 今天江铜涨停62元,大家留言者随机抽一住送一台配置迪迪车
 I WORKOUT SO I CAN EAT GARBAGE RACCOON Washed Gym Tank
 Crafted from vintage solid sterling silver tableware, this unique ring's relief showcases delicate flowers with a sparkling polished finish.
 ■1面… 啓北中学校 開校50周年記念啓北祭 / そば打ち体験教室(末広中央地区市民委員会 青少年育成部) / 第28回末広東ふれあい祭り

...

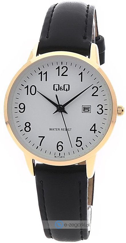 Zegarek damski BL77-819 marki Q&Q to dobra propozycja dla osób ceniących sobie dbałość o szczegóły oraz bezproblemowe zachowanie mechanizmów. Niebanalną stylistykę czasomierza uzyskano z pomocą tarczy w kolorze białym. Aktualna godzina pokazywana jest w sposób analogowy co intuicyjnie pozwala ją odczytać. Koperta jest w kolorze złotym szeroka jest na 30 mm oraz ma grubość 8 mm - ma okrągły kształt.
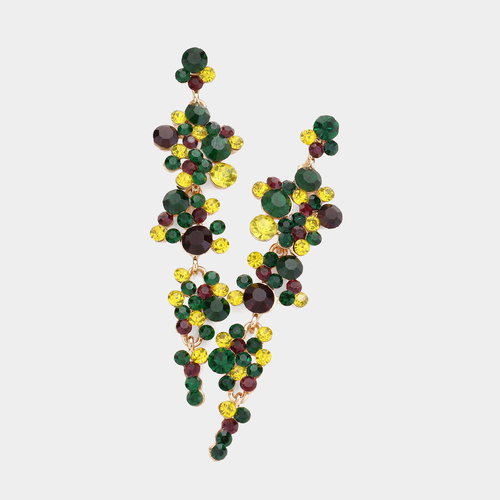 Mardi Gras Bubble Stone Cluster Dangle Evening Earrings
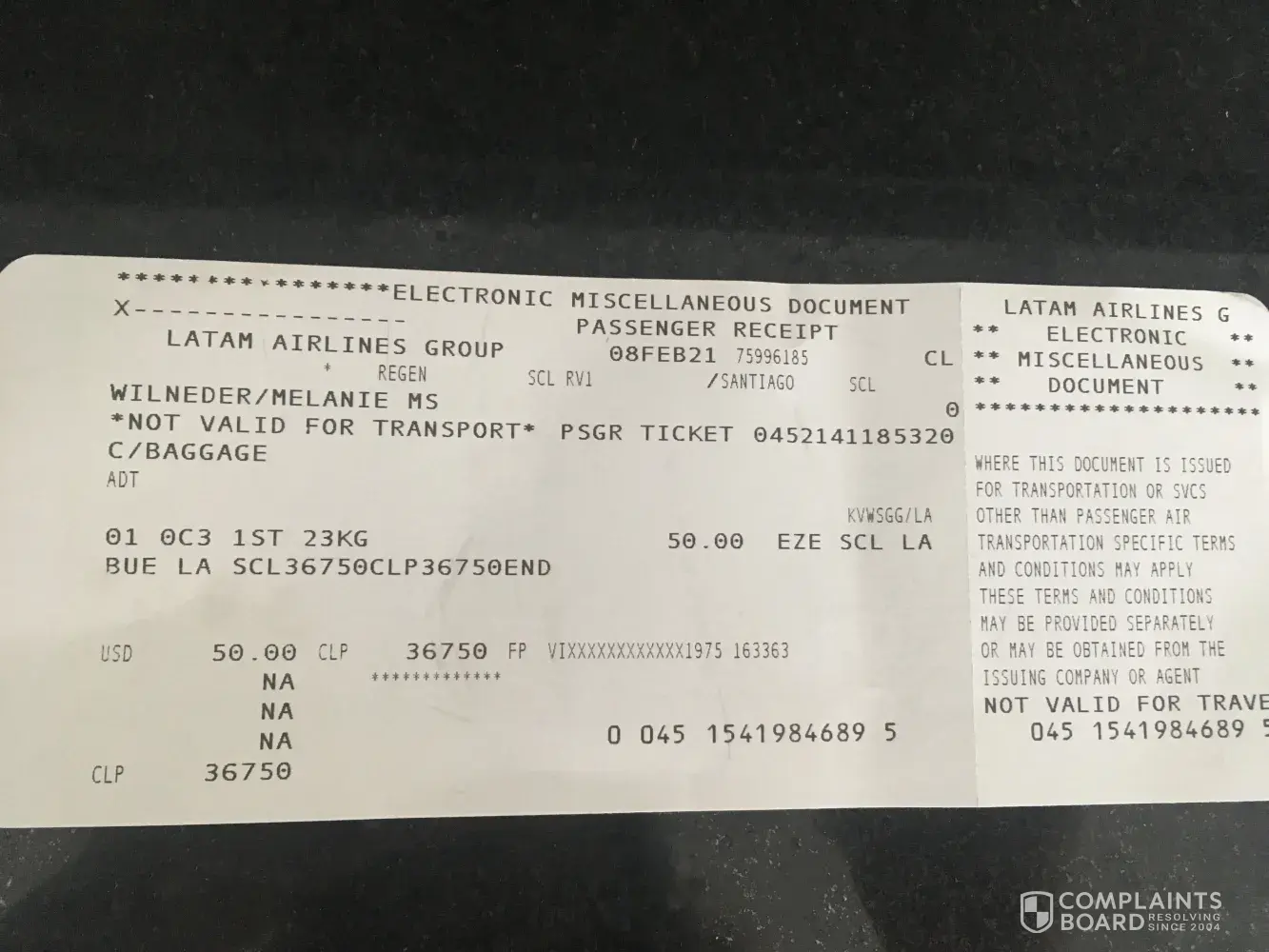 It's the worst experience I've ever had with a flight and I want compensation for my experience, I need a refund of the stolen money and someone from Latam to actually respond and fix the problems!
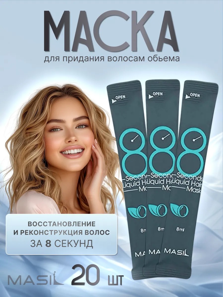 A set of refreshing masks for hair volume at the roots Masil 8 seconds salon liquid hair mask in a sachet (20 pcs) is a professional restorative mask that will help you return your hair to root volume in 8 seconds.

# EXERCISE DESCRIPTION:
Return only the lines between the one holding "今天江铜涨停62元,大家留言者随机抽一住送一台配置迪迪车" and the one holding "青少年育成部) / 第28回末広東ふれあい祭り", inclusive, exactly as they appear above.

# OUTPUT FOR THIS EXERCISE:
 今天江铜涨停62元,大家留言者随机抽一住送一台配置迪迪车
 I WORKOUT SO I CAN EAT GARBAGE RACCOON Washed Gym Tank
 Crafted from vintage solid sterling silver tableware, this unique ring's relief showcases delicate flowers with a sparkling polished finish.
 ■1面… 啓北中学校 開校50周年記念啓北祭 / そば打ち体験教室(末広中央地区市民委員会 青少年育成部) / 第28回末広東ふれあい祭り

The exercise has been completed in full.